The answer must give back every line of the data exactly, with no pictures.

Stored records:
|---|
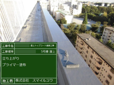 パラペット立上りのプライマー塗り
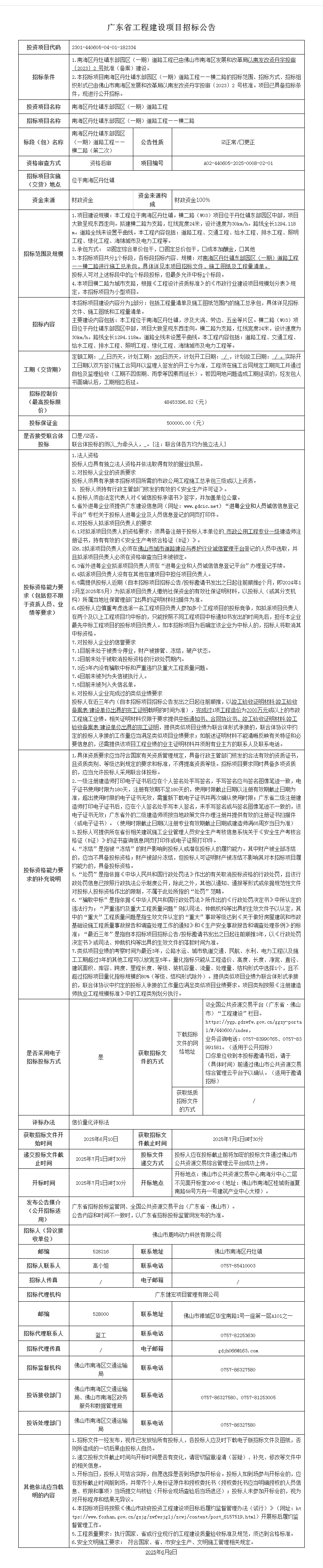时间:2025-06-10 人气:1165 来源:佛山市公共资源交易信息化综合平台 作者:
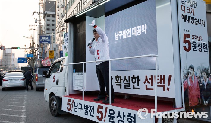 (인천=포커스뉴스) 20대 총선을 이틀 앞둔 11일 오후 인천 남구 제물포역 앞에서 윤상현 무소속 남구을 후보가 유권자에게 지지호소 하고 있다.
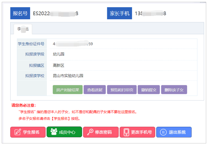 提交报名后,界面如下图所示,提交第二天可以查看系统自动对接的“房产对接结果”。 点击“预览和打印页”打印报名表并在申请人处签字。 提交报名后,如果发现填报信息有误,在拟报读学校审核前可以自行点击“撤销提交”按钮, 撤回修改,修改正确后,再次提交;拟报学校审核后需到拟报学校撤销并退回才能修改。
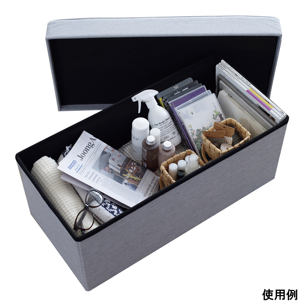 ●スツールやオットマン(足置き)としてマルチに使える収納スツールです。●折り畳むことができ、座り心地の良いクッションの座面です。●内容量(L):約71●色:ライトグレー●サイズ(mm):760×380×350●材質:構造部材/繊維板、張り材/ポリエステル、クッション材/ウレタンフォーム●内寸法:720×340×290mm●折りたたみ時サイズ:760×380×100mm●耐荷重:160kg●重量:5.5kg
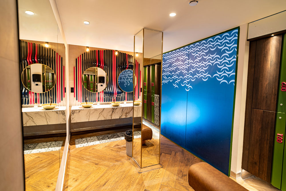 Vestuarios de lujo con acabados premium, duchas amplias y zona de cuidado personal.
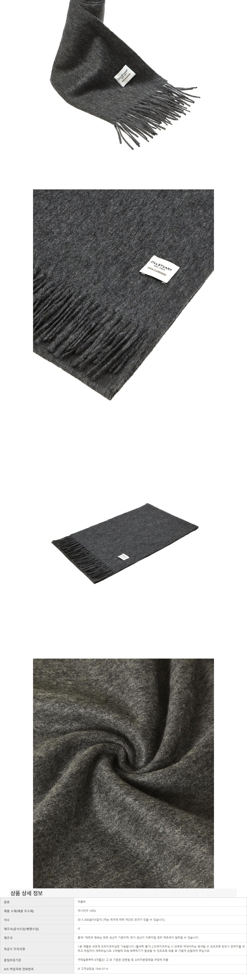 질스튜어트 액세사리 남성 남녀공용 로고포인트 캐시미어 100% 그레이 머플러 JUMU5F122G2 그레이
|---|
:: Your solution ::
 パラペット立上りのプライマー塗り
时间:2025-06-10 人气:1165 来源:佛山市公共资源交易信息化综合平台 作者:
 (인천=포커스뉴스) 20대 총선을 이틀 앞둔 11일 오후 인천 남구 제물포역 앞에서 윤상현 무소속 남구을 후보가 유권자에게 지지호소 하고 있다.
 提交报名后,界面如下图所示,提交第二天可以查看系统自动对接的“房产对接结果”。 点击“预览和打印页”打印报名表并在申请人处签字。 提交报名后,如果发现填报信息有误,在拟报读学校审核前可以自行点击“撤销提交”按钮, 撤回修改,修改正确后,再次提交;拟报学校审核后需到拟报学校撤销并退回才能修改。
 ●スツールやオットマン(足置き)としてマルチに使える収納スツールです。●折り畳むことができ、座り心地の良いクッションの座面です。●内容量(L):約71●色:ライトグレー●サイズ(mm):760×380×350●材質:構造部材/繊維板、張り材/ポリエステル、クッション材/ウレタンフォーム●内寸法:720×340×290mm●折りたたみ時サイズ:760×380×100mm●耐荷重:160kg●重量:5.5kg
 Vestuarios de lujo con acabados premium, duchas amplias y zona de cuidado personal.
 질스튜어트 액세사리 남성 남녀공용 로고포인트 캐시미어 100% 그레이 머플러 JUMU5F122G2 그레이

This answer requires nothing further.